(Stored data)
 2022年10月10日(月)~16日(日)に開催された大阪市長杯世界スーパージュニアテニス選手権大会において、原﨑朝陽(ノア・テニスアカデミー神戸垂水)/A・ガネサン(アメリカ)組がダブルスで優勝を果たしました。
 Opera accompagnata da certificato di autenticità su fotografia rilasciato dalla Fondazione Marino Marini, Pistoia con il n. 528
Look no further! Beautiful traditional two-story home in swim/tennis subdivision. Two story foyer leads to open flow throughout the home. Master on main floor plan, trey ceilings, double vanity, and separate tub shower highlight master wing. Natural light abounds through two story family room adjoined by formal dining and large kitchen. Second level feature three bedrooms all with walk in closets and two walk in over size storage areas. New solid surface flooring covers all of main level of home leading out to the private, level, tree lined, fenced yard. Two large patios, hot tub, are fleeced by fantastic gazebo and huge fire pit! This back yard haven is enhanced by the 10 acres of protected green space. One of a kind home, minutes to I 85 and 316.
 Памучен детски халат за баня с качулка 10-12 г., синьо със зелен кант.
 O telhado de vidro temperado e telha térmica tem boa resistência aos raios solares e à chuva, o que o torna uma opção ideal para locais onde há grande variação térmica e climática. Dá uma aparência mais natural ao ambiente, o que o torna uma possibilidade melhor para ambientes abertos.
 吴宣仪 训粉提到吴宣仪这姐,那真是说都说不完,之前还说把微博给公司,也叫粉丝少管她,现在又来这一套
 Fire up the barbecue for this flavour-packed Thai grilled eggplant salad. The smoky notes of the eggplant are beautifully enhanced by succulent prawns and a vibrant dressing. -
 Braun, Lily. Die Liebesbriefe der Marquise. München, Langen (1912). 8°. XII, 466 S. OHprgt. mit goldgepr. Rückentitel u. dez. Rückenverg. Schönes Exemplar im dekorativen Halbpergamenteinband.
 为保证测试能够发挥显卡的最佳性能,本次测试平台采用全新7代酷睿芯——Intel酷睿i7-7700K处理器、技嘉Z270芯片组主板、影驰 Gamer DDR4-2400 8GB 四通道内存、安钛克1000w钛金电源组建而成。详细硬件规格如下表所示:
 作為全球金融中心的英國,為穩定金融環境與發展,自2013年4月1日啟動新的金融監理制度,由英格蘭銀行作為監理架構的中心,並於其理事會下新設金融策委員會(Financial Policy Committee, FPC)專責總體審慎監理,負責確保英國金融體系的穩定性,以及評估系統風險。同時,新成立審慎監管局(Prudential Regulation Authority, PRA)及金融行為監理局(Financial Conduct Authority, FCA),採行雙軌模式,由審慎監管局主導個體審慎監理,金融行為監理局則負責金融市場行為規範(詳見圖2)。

Required work: Starting at the line above that holds "Fire up the" and ending at the line that holds "Gamer DDR4-2400 8GB", transcribe each line exactly and include no other lines.

Final answer:
 Fire up the barbecue for this flavour-packed Thai grilled eggplant salad. The smoky notes of the eggplant are beautifully enhanced by succulent prawns and a vibrant dressing. -
 Braun, Lily. Die Liebesbriefe der Marquise. München, Langen (1912). 8°. XII, 466 S. OHprgt. mit goldgepr. Rückentitel u. dez. Rückenverg. Schönes Exemplar im dekorativen Halbpergamenteinband.
 为保证测试能够发挥显卡的最佳性能,本次测试平台采用全新7代酷睿芯——Intel酷睿i7-7700K处理器、技嘉Z270芯片组主板、影驰 Gamer DDR4-2400 8GB 四通道内存、安钛克1000w钛金电源组建而成。详细硬件规格如下表所示:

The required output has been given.